Rohan03
/

purpose-agent

+"""
+state_delta.py — Markovian State-Delta Evaluation.
+PROBLEM: Passing full conversation history to the Critic costs O(N²) tokens
+as the trajectory grows. This makes long tasks unaffordable.
+SOLUTION: Recognize this IS a Markov Decision Process. The Critic only needs:
+  - The delta between state(t) and state(t+1)
+  - The action taken
+  - The purpose (constant)
+This reduces the Critic's input to ~300 tokens regardless of trajectory length.
+Mathematical basis:
+  In an MDP, the value of state s' depends only on s' itself, not on the path
+  taken to reach it.

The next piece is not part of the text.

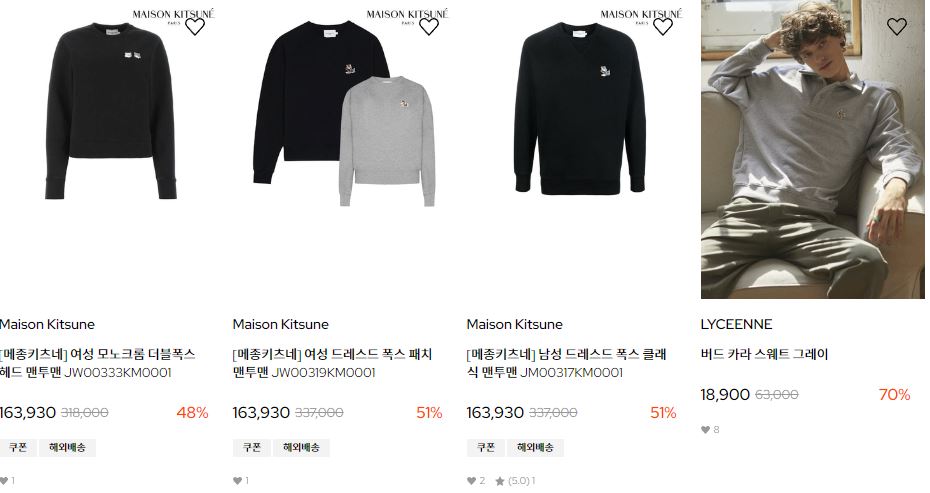 할인 품목 : 후드티, 맨투맨 등
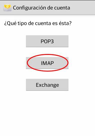 Debemos escoger el tipo de cuenta. Seleccionamos el que consideramos adecuado. En este tutorial configuramos IMAP.

Therefore Φ(s') can be computed from s' alone.
+  We compute: diff = state_diff(s_t, s_{t+1})
+  Critic sees: (purpose, action, diff) → Φ score
+  Token cost: O(1) per step, not O(N)
+"""
+from __future__ import annotations
+import difflib
+import json
+from dataclasses import dataclass
+from typing import Any
+from purpose_agent.types import State
+@dataclass
+class StateDelta:
+    """
+    The computed difference between two states.
+    This is ALL the Critic needs to see — not the full history.

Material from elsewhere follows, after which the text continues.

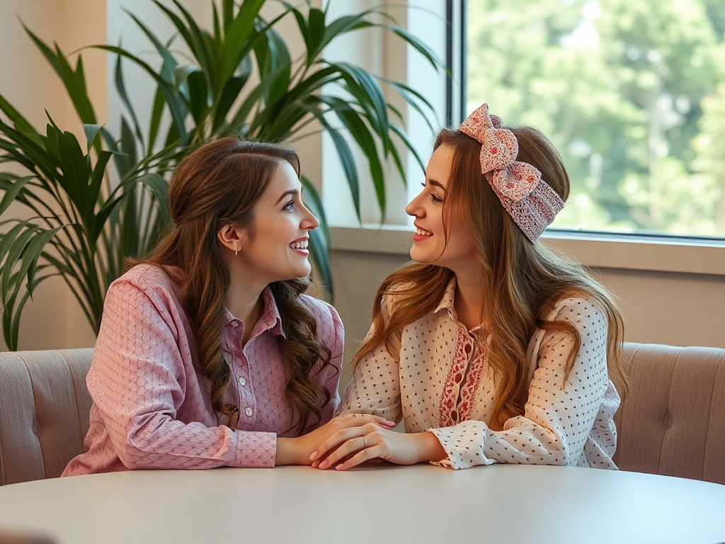 Две девушки в наушниках работают за компьютерами в ярком и комфортном офисе. Яркие цвета и теплый свет.

+    Keeps token cost constant (~100-300 tokens) regardless of trajectory length.
+    """
+    added_keys: dict[str, Any]      # New keys in s_{t+1} that weren't in s_t
+    removed_keys: list[str]          # Keys in s_t that are gone in s_{t+1}
+    changed_keys: dict[str, tuple[Any, Any]]  # key → (old_value, new_value)
+    summary_diff: str                # Human-readable diff (what the Critic sees)
+    token_estimate: int = 0          # Estimated tokens for this delta
+    @property
+    def is_empty(self) -> bool:
+        """No state change occurred."""
+        return not self.added_keys and not self.removed_keys and not self.changed_keys
+    @property
+    def change_magnitude(self) -> int:
+        """How much changed — useful for detecting no-ops."""
+        return len(self.added_keys) + len(self.removed_keys) + len(self.changed_keys)
+def compute_state_delta(s_before: State, s_after: State) -> StateDelta:
+    """
+    Compute the minimal diff between two states.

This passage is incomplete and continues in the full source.